The New Kindle Unlimited Royalty Scale

Kindle-UnlimitedMonday morning, June 15th, the self publishing world absorbed the shock wave from the latest Amazon announcement. In case you haven’t heard, Amazon revealed a major monetary restructuring of the royalty calculations on their Kindle Unlimited program. Unlimited is the program that allows Amazon shoppers to pay a subscription fee to borrow an unlimited number of books from a list of over 600,000 titles. In the past, authors of ebooks in the Kindle Select program received a flat rental fee once the borrower read past the 10% mark of the total pages. The new system, effective July 1st, will create a per-page-actually-read pay scale. That means each author will only get paid for the number of pages a borrower actually reads in their book.

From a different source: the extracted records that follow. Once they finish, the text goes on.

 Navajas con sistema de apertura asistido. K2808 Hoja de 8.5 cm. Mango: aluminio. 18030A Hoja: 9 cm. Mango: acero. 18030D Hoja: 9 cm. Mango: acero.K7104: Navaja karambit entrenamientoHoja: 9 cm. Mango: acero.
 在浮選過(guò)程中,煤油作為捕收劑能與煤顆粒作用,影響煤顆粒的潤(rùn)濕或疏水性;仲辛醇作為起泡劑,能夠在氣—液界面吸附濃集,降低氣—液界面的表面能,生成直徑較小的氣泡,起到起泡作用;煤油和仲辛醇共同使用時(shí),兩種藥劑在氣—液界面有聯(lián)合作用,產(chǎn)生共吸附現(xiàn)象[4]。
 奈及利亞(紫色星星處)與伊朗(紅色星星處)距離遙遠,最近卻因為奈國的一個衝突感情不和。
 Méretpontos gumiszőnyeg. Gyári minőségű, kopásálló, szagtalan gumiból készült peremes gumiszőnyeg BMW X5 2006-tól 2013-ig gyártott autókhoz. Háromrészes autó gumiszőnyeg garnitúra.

Feel free to pause and have a Big Brother Is Watching moment if you didn’t already know Amazon was keeping such a close eye on your page counts.

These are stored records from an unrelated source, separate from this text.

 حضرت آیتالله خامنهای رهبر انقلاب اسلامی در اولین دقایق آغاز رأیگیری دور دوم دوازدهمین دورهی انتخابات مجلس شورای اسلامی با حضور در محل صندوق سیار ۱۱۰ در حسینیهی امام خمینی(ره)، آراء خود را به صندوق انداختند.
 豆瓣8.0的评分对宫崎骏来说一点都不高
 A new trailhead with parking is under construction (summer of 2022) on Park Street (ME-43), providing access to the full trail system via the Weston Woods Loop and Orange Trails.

First some history: Amazon launched a rental program about two years ago, revising it to the current Unlimited system last year. At the launch, there were a lot of upset publishers and authors. They didn’t want the program tied to KDP Select. They were doing fine and they didn’t want any changes at all. Almost everyone hated the idea of a fixed payment rate set by Amazon. And that the amount had no relationship to the book’s sale price, or the length of the book. Many authors found their sales and their revenues plummeting after the loan program launched. Avid readers, the backbone of all book sales, loved the Unlimited program. For the cost of buying one or two e-books they could read as many books are they wanted each month for $9. 99 US dollars.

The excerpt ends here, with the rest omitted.